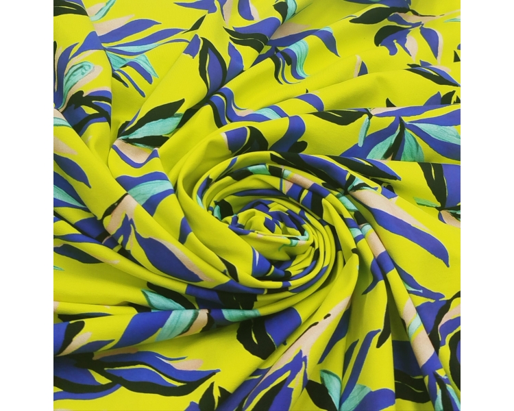 Nuestra tela de lycra estampada con hojas abstractas es perfecta para crear prendas modernas, deportivas o de moda. Con su textura suave y elasticidad excepcional.
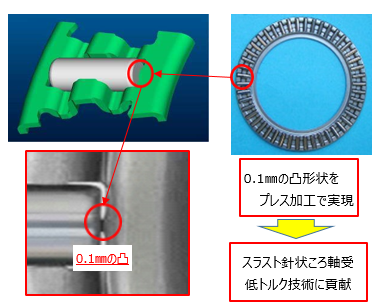 精密プレス加工で0.1mmの凸形状の加工が可能となり、スラスト針状ころ軸受で最大50%の低トルク化を実現しました。
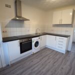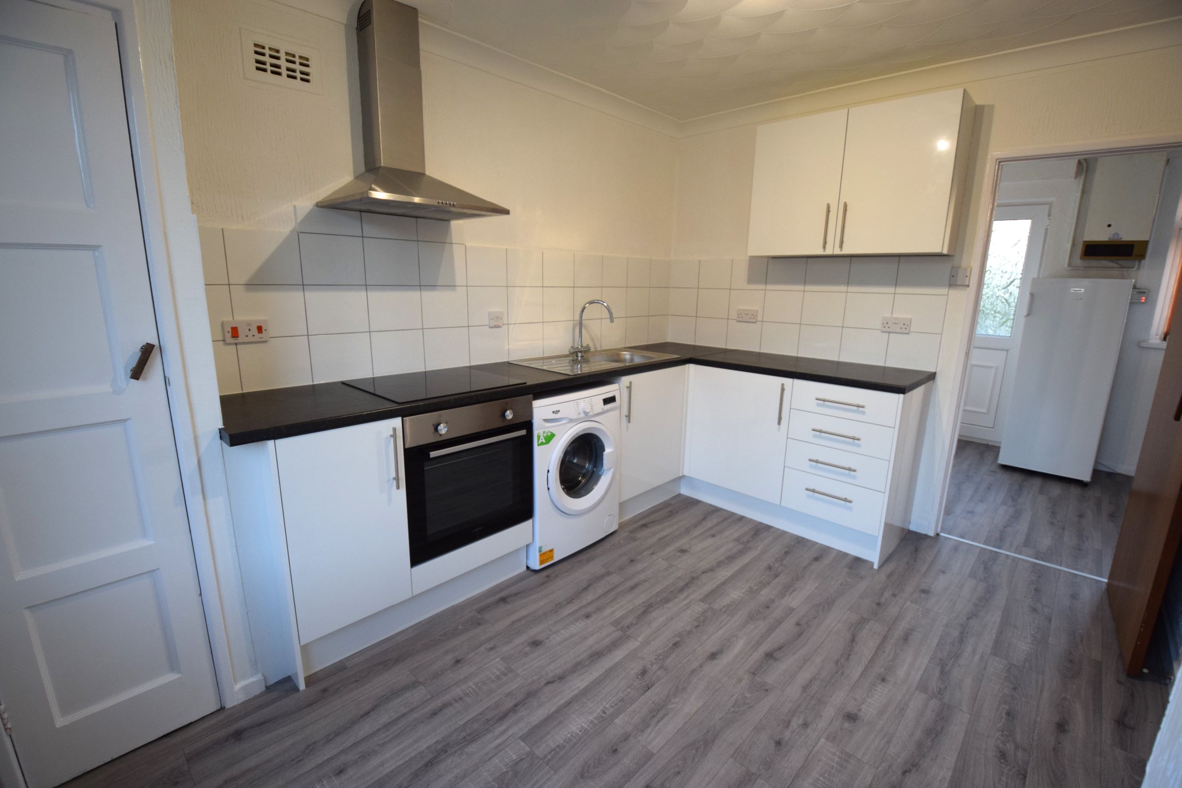 Modern fitted kitchen offering a range of white wall and base units with a built-in electric oven and hob and washing machine. Window to the front aspect. Finished with vinyl flooring, tiled splashback, and neutral décor. Radiator included. Door leading through to the utility area.
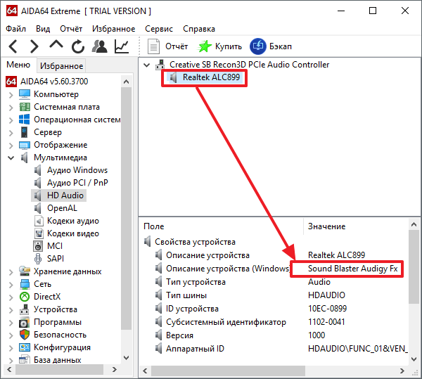 Самый надежный способ узнать, какая звуковая карта стоит на компьютере, это воспользоваться программой AIDA64 (ранее эта программа называлась Everest). Данная программа является платной, но вы можете скачать ее TRIAL-версию, которая работает 30 дней. TRIAL-версии вам вполне хватит, для того чтобы посмотреть информацию о вашей звуковой карте.
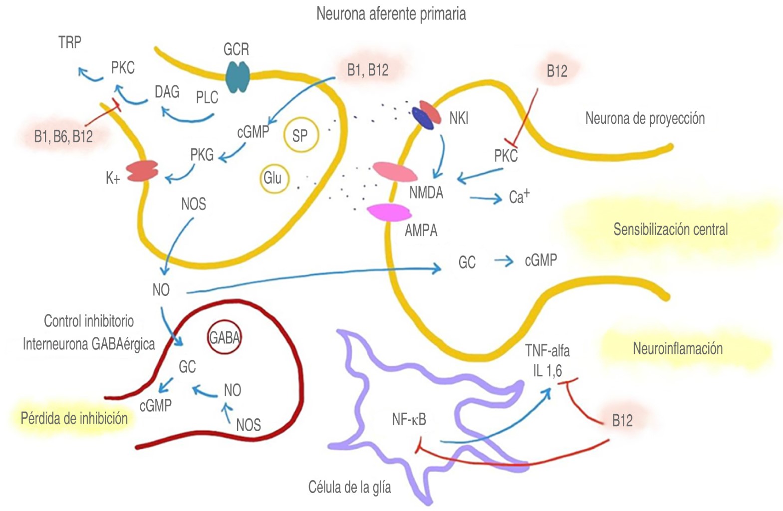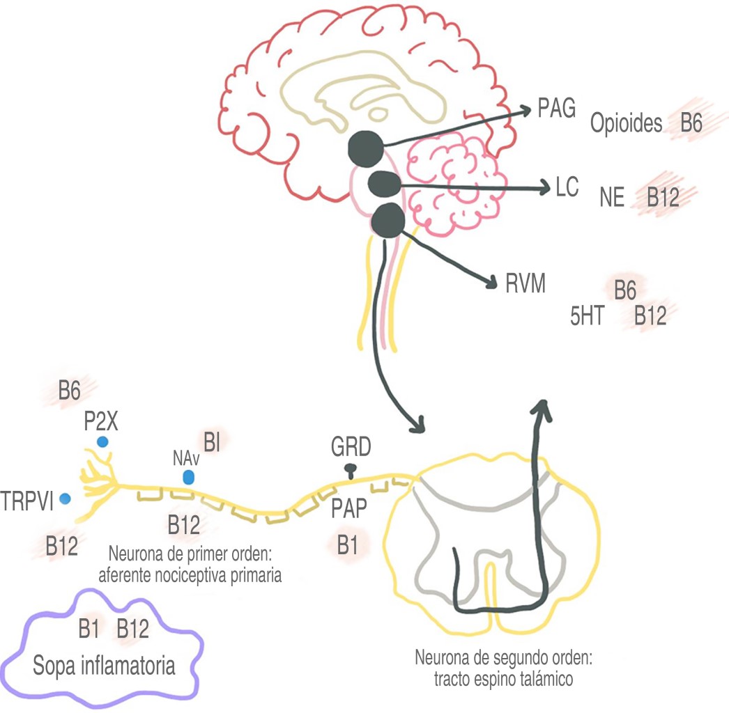 El efecto antineuropático del complejo de vitaminas B se describen en las Figuras 1 y 2 (B1, B12), posiblemente se relacione con el impacto en los ganglios de las raíces dorsales (DRG) al participar en la modulación de las corrientes de sodio, en receptores de sodio dependientes de voltaje (Nav) y de los receptores de potencial de voltaje transitorio (TRPV), reduciendo la hiperexcitabilidad neuronal (sensibilización periférica) y de ahí su efecto antihiperalgésico(16). (B6, B12) Se ha identificado que en afección de las fibras aferentes distales disminuye el estrés oxidativo, reduciendo el daño neuronal(16).
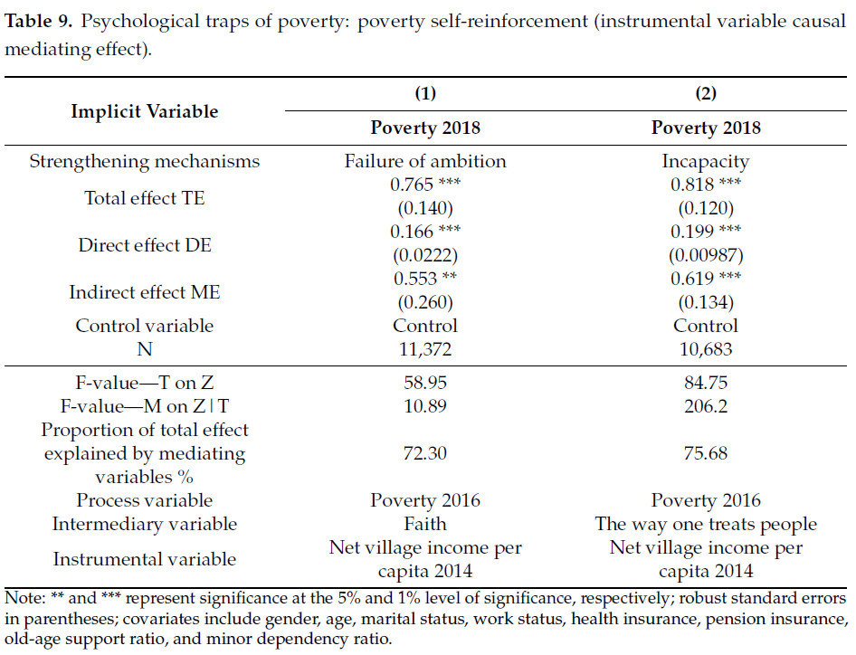 В третьей части анализа, посвященной изучению эффекта психологической ловушки бедности, уровни стремлений и возможностей используются в качестве основных независимых переменных, а бедность — в качестве зависимой переменной. Для устранения потенциальной эндогенности, обусловленной обратной причинно-следственной связью, в исследовании используется инструментальный подход с использованием переменных в рамках модели причинно-следственной связи, что позволяет получить эмпирические доказательства самоусиливающегося механизма «психологической ловушки бедности».
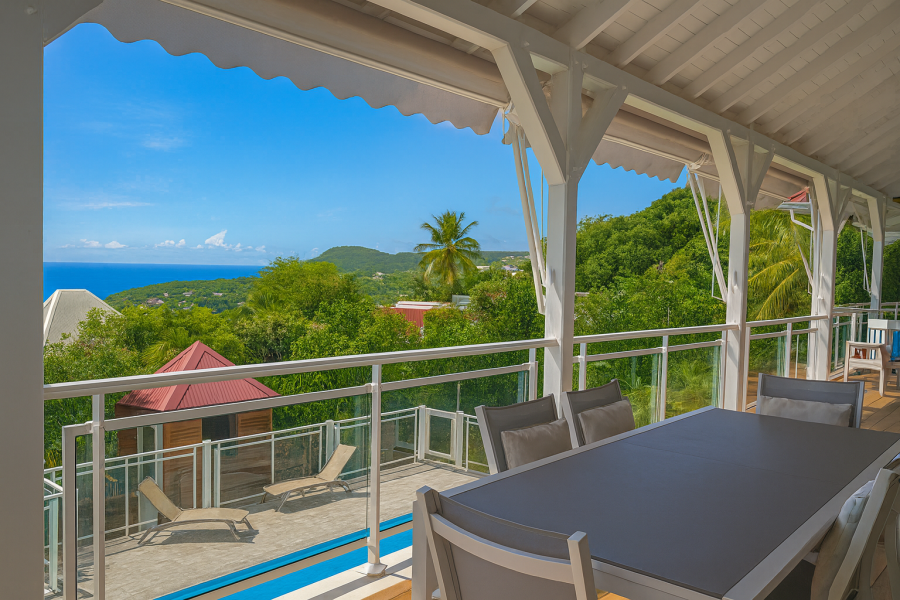 Terrasse: Une immense terrasse de 56 m2 offrant un cadre idyllique pour vos repas et apéritifs face au coucher de soleil sur l'horizon caribéen.
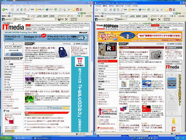このうち、最上位のUXGA対応タイプでは、画面への移りこみを抑えた低反射処理が施されたナチュラルファイン液晶を採用。蛍光灯などの照明が反射することなく見やすい画面で、長時間の利用でも目にやさしい設計だ。1600×1200ピクセルの高解像度表示では、ブラウザを2つ横に並べて表示することもできるなど、一覧性が高いので作業の効率も向上するだろう。
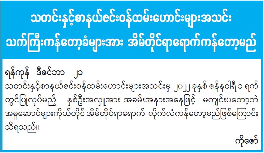 သတင်းနှင့်စာနယ်ဇင်း ဝန်ထမ်းဟောင်းများအသင်း သက်ကြီးကန်တော့ခံများအား အိမ်တိုင်ရာရောက်ကန်တော့မည် 12/22/2021
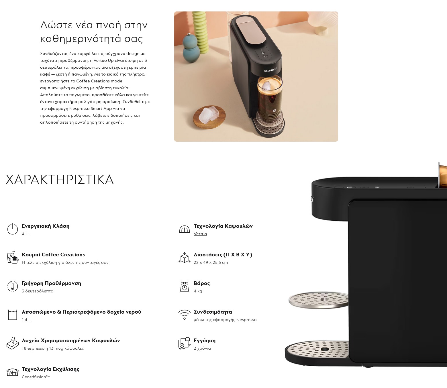 -Συνδεσιμότητα μέσω του Nespresso Smart App: Προσαρμόστε το μέγεθος και τη θερμοκρασία του φλιτζανιού, διευκολύνετε τη συντήρηση, λάβετε ειδοποιήσεις σε πραγματικό χρόνο και αποκτήστε πρόσβαση σε συνταγές βήμα-βήμα από το τηλέφωνό σας.
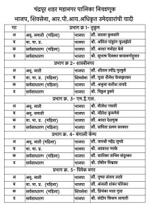 चंद्रपूर :-  आगामी चंद्रपूर महानगरपालिका निवडणुकीच्य पार्श्वभूमीवर राजकीय हालचालींना वेग आला असून, सर्व प्रभाग मधील विविध प्रभागांसाठी भारतीय जनता पक्ष व शिवसेनेच्या उमेदवारांची अधिकृत यादी जाहीर करण्यात आली आहे. उमेदवारांच्या नावांमुळे संबंधित प्रभागांमध्ये प्रचाराला आता खऱ्या अर्थाने सुरुवात झाली असून, राजकीय वातावरण चांगलेच तापले आहे.
########################################
**What is needed**
Output the lines, exactly: the first line of the entries above, every line after it, and the line with "El efecto antineuropático" as the last. No pictures.

**Completed exercise**
 Nuestra tela de lycra estampada con hojas abstractas es perfecta para crear prendas modernas, deportivas o de moda. Con su textura suave y elasticidad excepcional.
 精密プレス加工で0.1mmの凸形状の加工が可能となり、スラスト針状ころ軸受で最大50%の低トルク化を実現しました。
 Modern fitted kitchen offering a range of white wall and base units with a built-in electric oven and hob and washing machine. Window to the front aspect. Finished with vinyl flooring, tiled splashback, and neutral décor. Radiator included. Door leading through to the utility area.
 Самый надежный способ узнать, какая звуковая карта стоит на компьютере, это воспользоваться программой AIDA64 (ранее эта программа называлась Everest). Данная программа является платной, но вы можете скачать ее TRIAL-версию, которая работает 30 дней. TRIAL-версии вам вполне хватит, для того чтобы посмотреть информацию о вашей звуковой карте.
 El efecto antineuropático del complejo de vitaminas B se describen en las Figuras 1 y 2 (B1, B12), posiblemente se relacione con el impacto en los ganglios de las raíces dorsales (DRG) al participar en la modulación de las corrientes de sodio, en receptores de sodio dependientes de voltaje (Nav) y de los receptores de potencial de voltaje transitorio (TRPV), reduciendo la hiperexcitabilidad neuronal (sensibilización periférica) y de ahí su efecto antihiperalgésico(16). (B6, B12) Se ha identificado que en afección de las fibras aferentes distales disminuye el estrés oxidativo, reduciendo el daño neuronal(16).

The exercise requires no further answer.